(Beginning of Excerpted data)

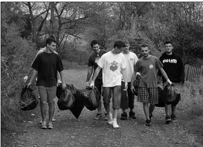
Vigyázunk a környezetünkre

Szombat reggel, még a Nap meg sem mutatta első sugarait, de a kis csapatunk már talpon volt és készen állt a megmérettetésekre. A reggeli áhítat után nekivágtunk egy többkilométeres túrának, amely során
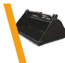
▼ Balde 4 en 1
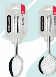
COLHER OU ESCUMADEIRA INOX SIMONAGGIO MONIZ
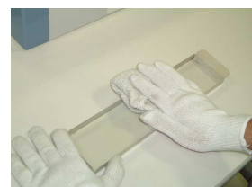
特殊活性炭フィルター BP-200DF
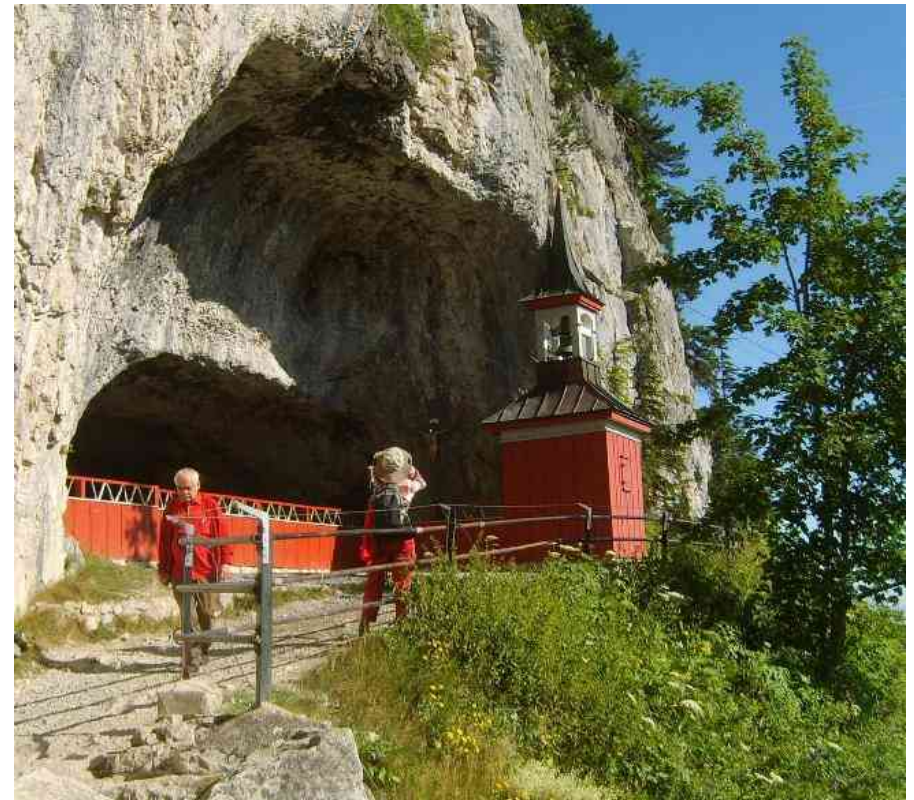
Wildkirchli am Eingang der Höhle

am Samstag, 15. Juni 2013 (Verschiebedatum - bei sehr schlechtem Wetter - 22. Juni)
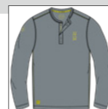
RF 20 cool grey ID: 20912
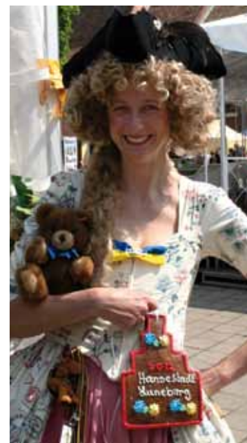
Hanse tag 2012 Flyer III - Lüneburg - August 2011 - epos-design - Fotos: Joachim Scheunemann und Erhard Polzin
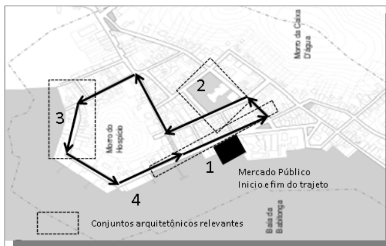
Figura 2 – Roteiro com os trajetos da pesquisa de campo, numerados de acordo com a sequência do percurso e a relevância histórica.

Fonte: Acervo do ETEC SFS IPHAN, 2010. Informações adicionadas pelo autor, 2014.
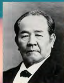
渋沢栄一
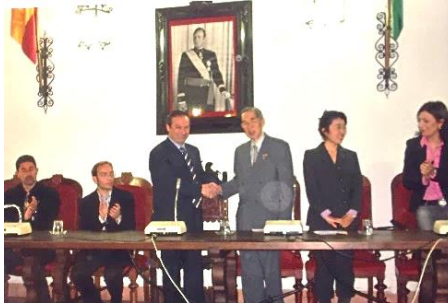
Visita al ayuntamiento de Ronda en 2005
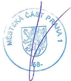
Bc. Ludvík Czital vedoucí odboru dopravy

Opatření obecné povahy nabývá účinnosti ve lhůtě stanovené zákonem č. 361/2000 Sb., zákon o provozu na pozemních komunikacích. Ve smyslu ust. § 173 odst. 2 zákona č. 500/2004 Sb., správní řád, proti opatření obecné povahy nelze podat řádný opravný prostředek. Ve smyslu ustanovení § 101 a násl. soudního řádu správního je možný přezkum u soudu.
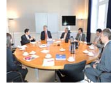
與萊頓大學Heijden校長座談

(End of Excerpted data)
(Beginning of Excerpted data)

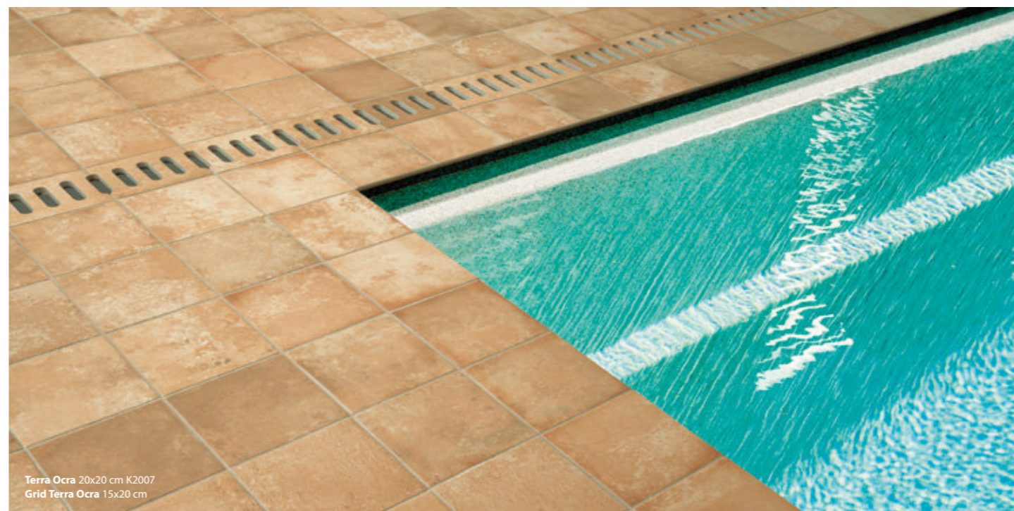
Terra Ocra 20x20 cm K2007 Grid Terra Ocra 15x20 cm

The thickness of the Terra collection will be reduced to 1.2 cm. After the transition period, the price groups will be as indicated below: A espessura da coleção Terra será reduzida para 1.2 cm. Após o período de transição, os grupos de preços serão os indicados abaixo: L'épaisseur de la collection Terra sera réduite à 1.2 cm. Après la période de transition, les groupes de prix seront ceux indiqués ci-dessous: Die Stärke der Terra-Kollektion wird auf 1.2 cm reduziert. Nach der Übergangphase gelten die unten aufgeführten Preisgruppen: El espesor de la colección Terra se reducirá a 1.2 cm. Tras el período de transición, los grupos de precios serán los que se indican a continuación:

(End of Excerpted data)
(Beginning of Excerpted data)

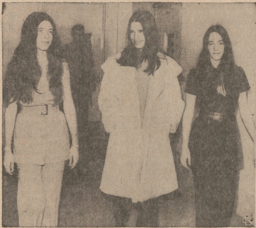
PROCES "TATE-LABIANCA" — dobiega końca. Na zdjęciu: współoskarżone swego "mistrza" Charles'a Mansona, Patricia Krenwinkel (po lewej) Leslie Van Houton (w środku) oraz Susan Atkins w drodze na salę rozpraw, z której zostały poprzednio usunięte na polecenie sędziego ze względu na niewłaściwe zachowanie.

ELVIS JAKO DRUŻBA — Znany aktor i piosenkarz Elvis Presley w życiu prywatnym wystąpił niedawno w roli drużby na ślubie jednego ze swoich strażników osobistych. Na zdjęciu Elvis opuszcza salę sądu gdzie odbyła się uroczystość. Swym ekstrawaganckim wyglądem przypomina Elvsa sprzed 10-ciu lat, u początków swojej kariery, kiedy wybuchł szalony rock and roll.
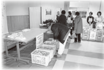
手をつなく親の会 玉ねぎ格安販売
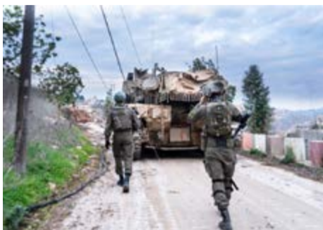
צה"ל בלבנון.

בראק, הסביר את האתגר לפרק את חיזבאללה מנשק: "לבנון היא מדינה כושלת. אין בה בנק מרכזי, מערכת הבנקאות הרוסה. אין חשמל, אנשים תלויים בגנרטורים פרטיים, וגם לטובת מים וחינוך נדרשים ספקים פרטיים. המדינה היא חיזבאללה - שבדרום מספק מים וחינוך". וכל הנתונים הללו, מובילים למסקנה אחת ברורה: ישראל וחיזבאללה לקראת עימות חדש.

(End of Excerpted data)

What you should do:
Output should consist of the lines above from the one with "Fonte: Acervo do" down to the one with "與萊頓大學Heijden校長座談", exact and without pictures.

Task response:
Fonte: Acervo do ETEC SFS IPHAN, 2010. Informações adicionadas pelo autor, 2014.
渋沢栄一
Visita al ayuntamiento de Ronda en 2005
Bc. Ludvík Czital vedoucí odboru dopravy

Opatření obecné povahy nabývá účinnosti ve lhůtě stanovené zákonem č. 361/2000 Sb., zákon o provozu na pozemních komunikacích. Ve smyslu ust. § 173 odst. 2 zákona č. 500/2004 Sb., správní řád, proti opatření obecné povahy nelze podat řádný opravný prostředek. Ve smyslu ustanovení § 101 a násl. soudního řádu správního je možný přezkum u soudu.
與萊頓大學Heijden校長座談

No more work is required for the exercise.